I think that’s really the value we’re trying to create here; getting data in a database is not hard, collecting data is not necessarily hard, it’s always my ability to ask the data questions and to get actionable stuff out, so there’s a lot that goes into that. But, you mentioned a word, “orchestrates.” Geoff, I want to talk a little bit about a topic we talked about earlier in the UNS, this idea of orchestration versus choreography. 

To me, orchestration would suggest that if I’m the conductor of an orchestra, I’m going to be that central point—that anything that occurs when it’s time for the violins to play, I’m going to bring the violins in or when it’s time for another part of the orchestra section, they need to do something different, I’m going to orchestrate that.

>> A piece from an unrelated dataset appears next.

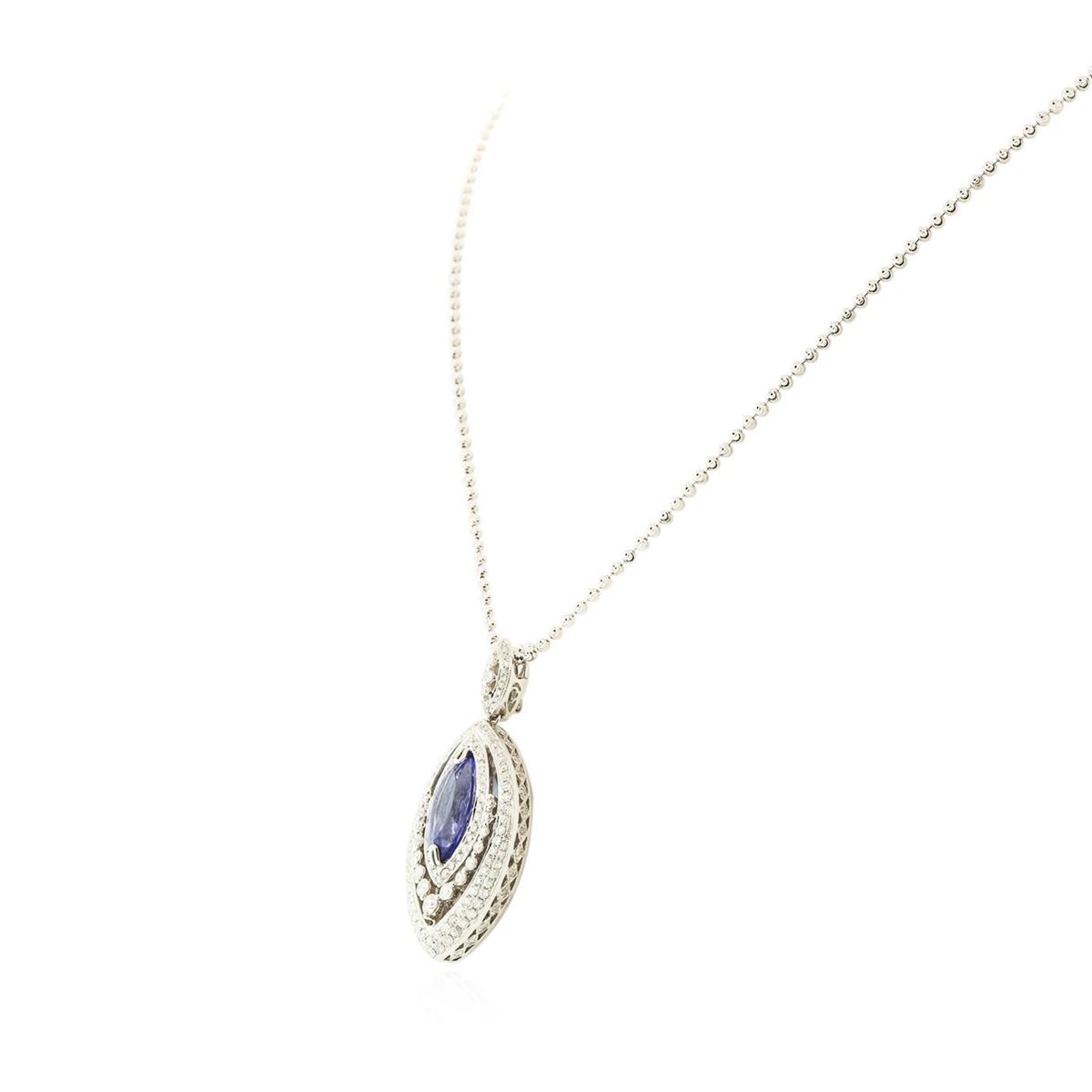 One electronically tested 14KT white gold ladies cast & assembled tanzanite and diamond pendant/enhancer with chain. The pendant/enhancer features a tanzanite set within an elaborate diamond set lattice gallery, completed by a diamond set bail with snap-locking bail with safety. The pendant/enhancer is supported by an eighteen inch length 14KT white gold designer style chain, terminating in a lobster claw clasp. Bright polish finish with milgrain detailing throughout. Trademark is Orianne. Identified with markings of "14K". Condition is new, good workmanship. Containing: One prong set marquise brilliant cut natural tanzanite, measuring 16.00 x 7.95 x 5.15mm, 6% bulge factor, approximate weight of 4.42ct., clarity is eye clean, type I, medium dark, very slightly grayish, bluish violet color, (GIA bV 6/3), cut is good. Transmitting light with no distortion, transparent. Graded in the setting. Tanzanite is a very rare gemstone that is only found in the country of Tanzania. Originally discovered in 1967. Tiffany & Company, named the stone Tanzanite. It is found in the Usumburu Mountains that border the Umba Valley of northern Tanzania. Tanzanite occurs in gray, brown, violet, blue, reddish-purple, & green. The gem is interesting because of its exceptional pleochroism. Rotated in different directions a tanzanite will exhibit multiple changes of color. Tanzanite has a low tolerance to ultrasonic cleaning, and should not be cleaned using this method. One Hundred Fifty bead and prong set round brilliant cut diamonds approximate total weight of 150 Stones = 1.94ct. Graded in the setting. Clarity: I-1 to I-2. Color: G - I. Total Weight of Colored Stones 4.42ct. Total Weight of Diamonds 1.94ct. Total Weight of Pendant/Enhancer With Chain 15.62 grams. AIG Appraised at $18,445.00.

It means that there’s the conductor who is involved in all aspects of what’s happening with an orchestra, versus choreography.

ORCHESTRATION VS. CHOREOGRAPHY

We think of this in terms of dance is, you know, the violins in this case are going to do something based on what, say, the cellos just did, but there’s really no method to ensure that that occurs. So when you talk about these concepts, you know, orchestration versus choreography, what does that mean within the context of the manufacturing data hub?

Geoff: Yeah, it’s a good question. What it means is two different approaches to how logic happens. It’s best demonstrated with an example. So if I go back to the car that I was talking about and, you know, this scenario of monitoring the engine temperature and I want to have a service, some code, some way that listens for the engine temperature going above some sort of limit and books my car into the mechanic, if that happens. Probably says something about how old my car is, now that I’m thinking about this. 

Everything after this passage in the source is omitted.